Work to be completed
Your task is to repeat the entries underneath exactly, minus the pictures.

__________

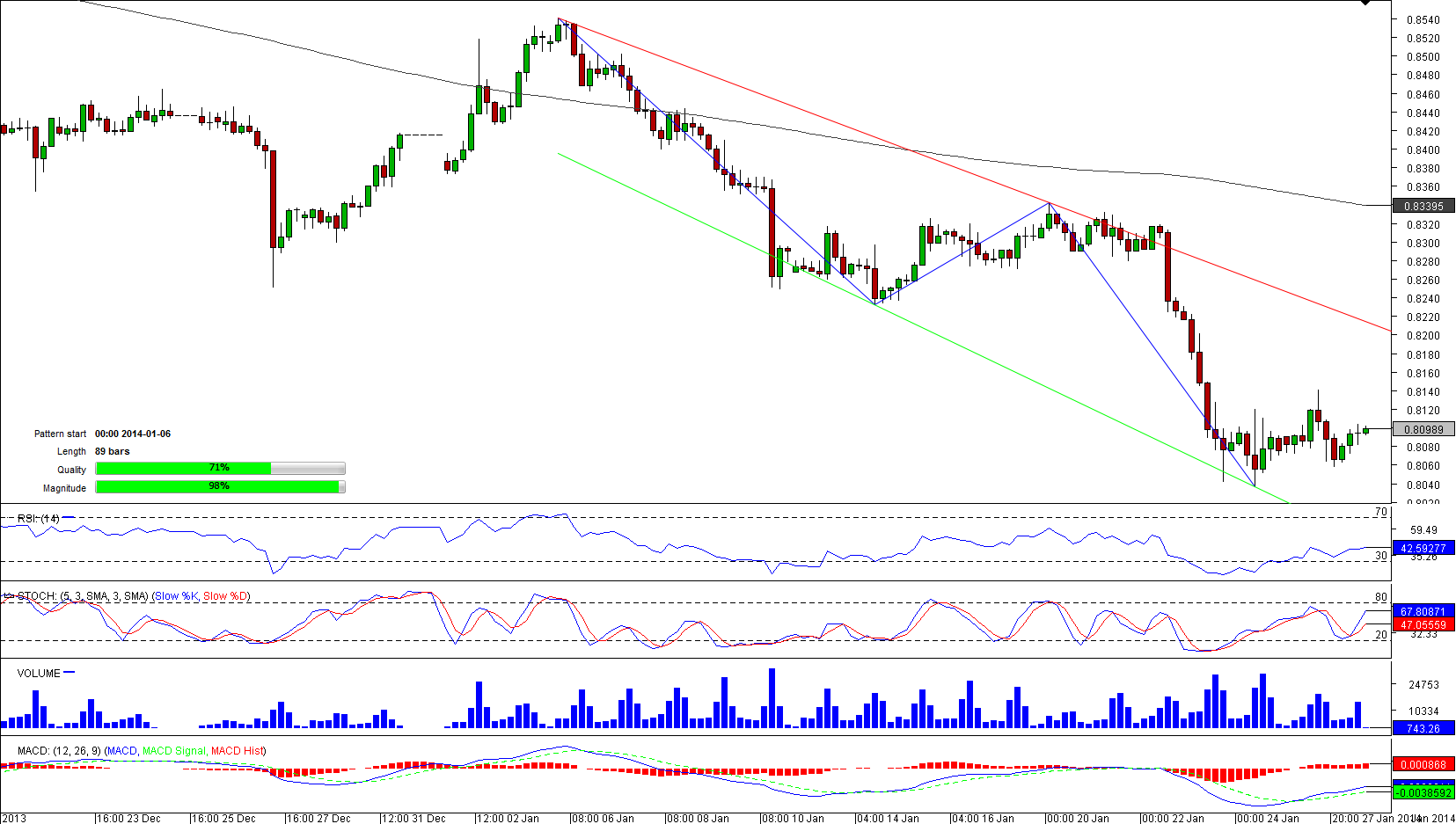 A 194-bar long channel up was formed by GBP/NZD on January 14 and so far the pair has been perfectly moving in pattern's boundaries. On Tuesday the pair was strongly bearish, following a report from the ONS that showed U.K. GDP data, the pair moved closer to the lower boundary, and, according to technical indicators, it will be able to
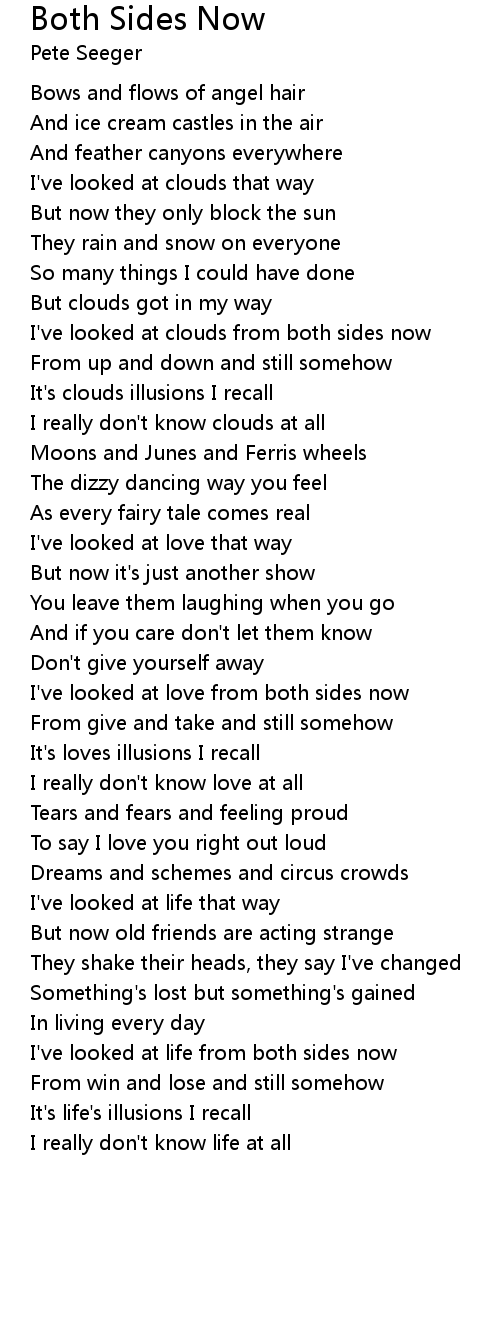 I've looked at life from both sides now |
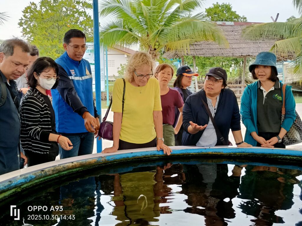 The delegation visited the Phetchaburi Aquaculture Demonstration Farm and two private enterprises — Family Farm and Khun Chai Farm — to observe cultivation models and challenges in practice.
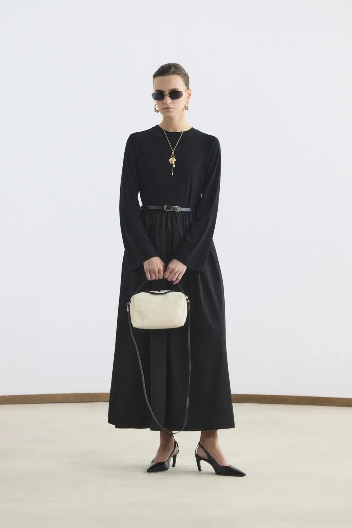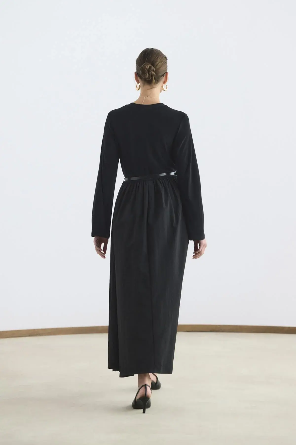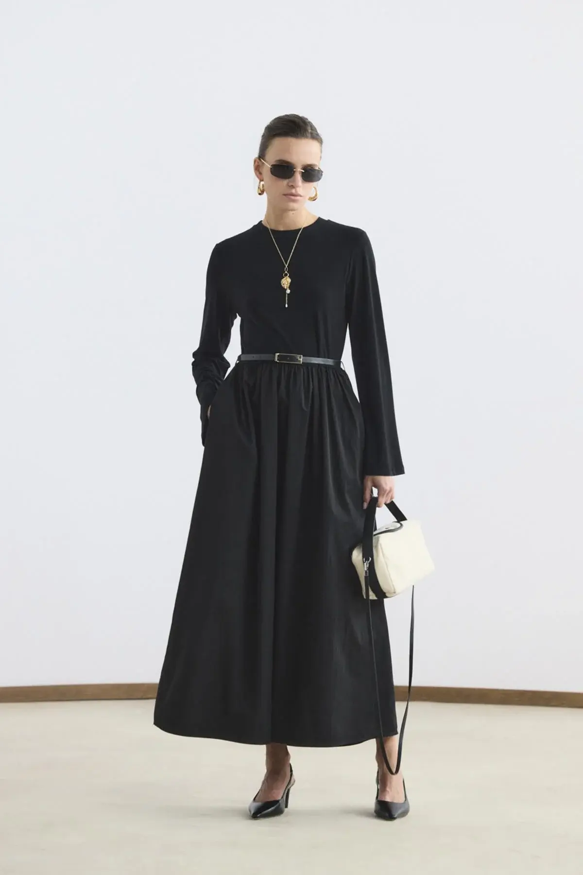KADRİYE BAŞTÜRK DAR KESİM KEMERLİ MİX ELBİSE SİYAH
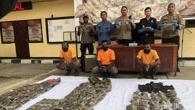 "Jadi ada 3 warga negara PNG yang kami tangkap saat melakukan transaksi jual beli narkotika jenis ganja. Dari tangan mereka 11 Kg ganja berhasil kami amankan," ungkap Kapolresta Kota Jayapura, Kombes Victor Mackbon saat konferensi pers, Rabu (22/2/2023).
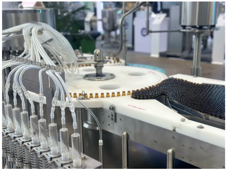 該灌裝機結構緊湊、操作便捷、兼容性強,適用于2-30ml的小容量西林瓶注射劑生產,產能可達400瓶/分鐘。這款高效設備廣泛應用于人藥和獸藥的批量生產。
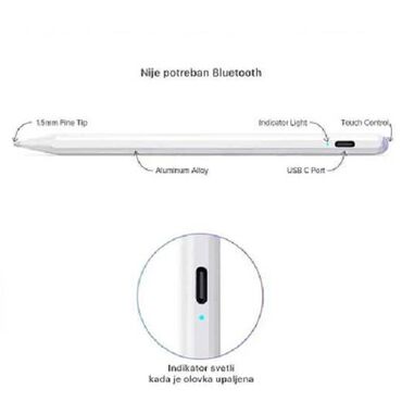 O trošku kupcaSNIŽENJE-NOVA Olovka za tablet bele boje, sa punjačem, ulaz C, indikatorom za punjenje, za lagano pisanje ili crtanje po tabletu. Nova, nekorištena.Olovka za iPad/Tablet XO-ST-03 Active Magnetic Capacitive Pen praktičan je dodatak koji će uvelike pojednostaviti korištenje iPada ili tableta omogućujući vam jednostavno obavljanje složenih zadataka koji zahtijevaju visoku preciznost, na primjer, u igrama, grafičkim i kancelarijskim aplikacijama. Model je izveden u modernom dizajnu, ističe se malom težinom i debljinom, udobno leži u ruci i ne stvara nelagodu tokom dugotrajne uportebe. Telo uređaja ima površinu ugodnu na dodir, izrađenu od aluminijske legure, neki dijelovi njegovih krajeva izrađeni su od izdržljive plastike. Njegov zamenjivi vrh, debljine oko 1,45 mm, izrađen je od poliacetala (POM) – otpornog na habanje, prilično tvrdog materijala koji ne grebe ekran simulirajući osjećaj obične olovke prilikom pisanja. U gornjem dijelu olovke nalazi se Type-C konektor za punjenje njegove ugrađene baterije kapaciteta 130mAh.
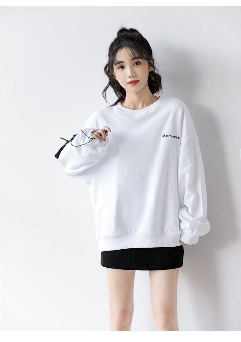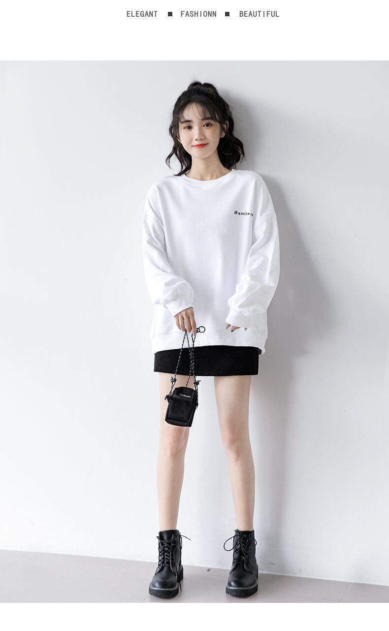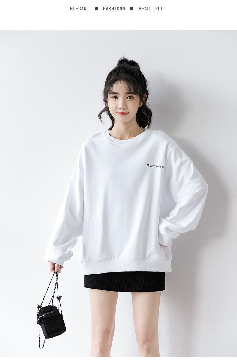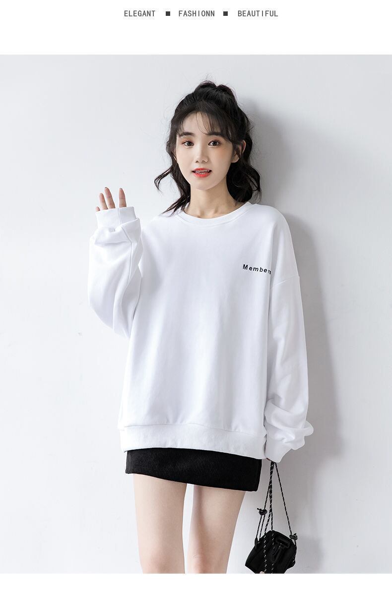 スプリングオータムホワイトセーター 薄手ルーズシャツ ロング 大きめサイズ 春物 秋物 普寧5818120046

__________

Task response
 A 194-bar long channel up was formed by GBP/NZD on January 14 and so far the pair has been perfectly moving in pattern's boundaries. On Tuesday the pair was strongly bearish, following a report from the ONS that showed U.K. GDP data, the pair moved closer to the lower boundary, and, according to technical indicators, it will be able to
 I've looked at life from both sides now |
 The delegation visited the Phetchaburi Aquaculture Demonstration Farm and two private enterprises — Family Farm and Khun Chai Farm — to observe cultivation models and challenges in practice.
KADRİYE BAŞTÜRK DAR KESİM KEMERLİ MİX ELBİSE SİYAH
 "Jadi ada 3 warga negara PNG yang kami tangkap saat melakukan transaksi jual beli narkotika jenis ganja. Dari tangan mereka 11 Kg ganja berhasil kami amankan," ungkap Kapolresta Kota Jayapura, Kombes Victor Mackbon saat konferensi pers, Rabu (22/2/2023).
 該灌裝機結構緊湊、操作便捷、兼容性強,適用于2-30ml的小容量西林瓶注射劑生產,產能可達400瓶/分鐘。這款高效設備廣泛應用于人藥和獸藥的批量生產。
 O trošku kupcaSNIŽENJE-NOVA Olovka za tablet bele boje, sa punjačem, ulaz C, indikatorom za punjenje, za lagano pisanje ili crtanje po tabletu. Nova, nekorištena.Olovka za iPad/Tablet XO-ST-03 Active Magnetic Capacitive Pen praktičan je dodatak koji će uvelike pojednostaviti korištenje iPada ili tableta omogućujući vam jednostavno obavljanje složenih zadataka koji zahtijevaju visoku preciznost, na primjer, u igrama, grafičkim i kancelarijskim aplikacijama. Model je izveden u modernom dizajnu, ističe se malom težinom i debljinom, udobno leži u ruci i ne stvara nelagodu tokom dugotrajne uportebe. Telo uređaja ima površinu ugodnu na dodir, izrađenu od aluminijske legure, neki dijelovi njegovih krajeva izrađeni su od izdržljive plastike. Njegov zamenjivi vrh, debljine oko 1,45 mm, izrađen je od poliacetala (POM) – otpornog na habanje, prilično tvrdog materijala koji ne grebe ekran simulirajući osjećaj obične olovke prilikom pisanja. U gornjem dijelu olovke nalazi se Type-C konektor za punjenje njegove ugrađene baterije kapaciteta 130mAh.
 スプリングオータムホワイトセーター 薄手ルーズシャツ ロング 大きめサイズ 春物 秋物 普寧5818120046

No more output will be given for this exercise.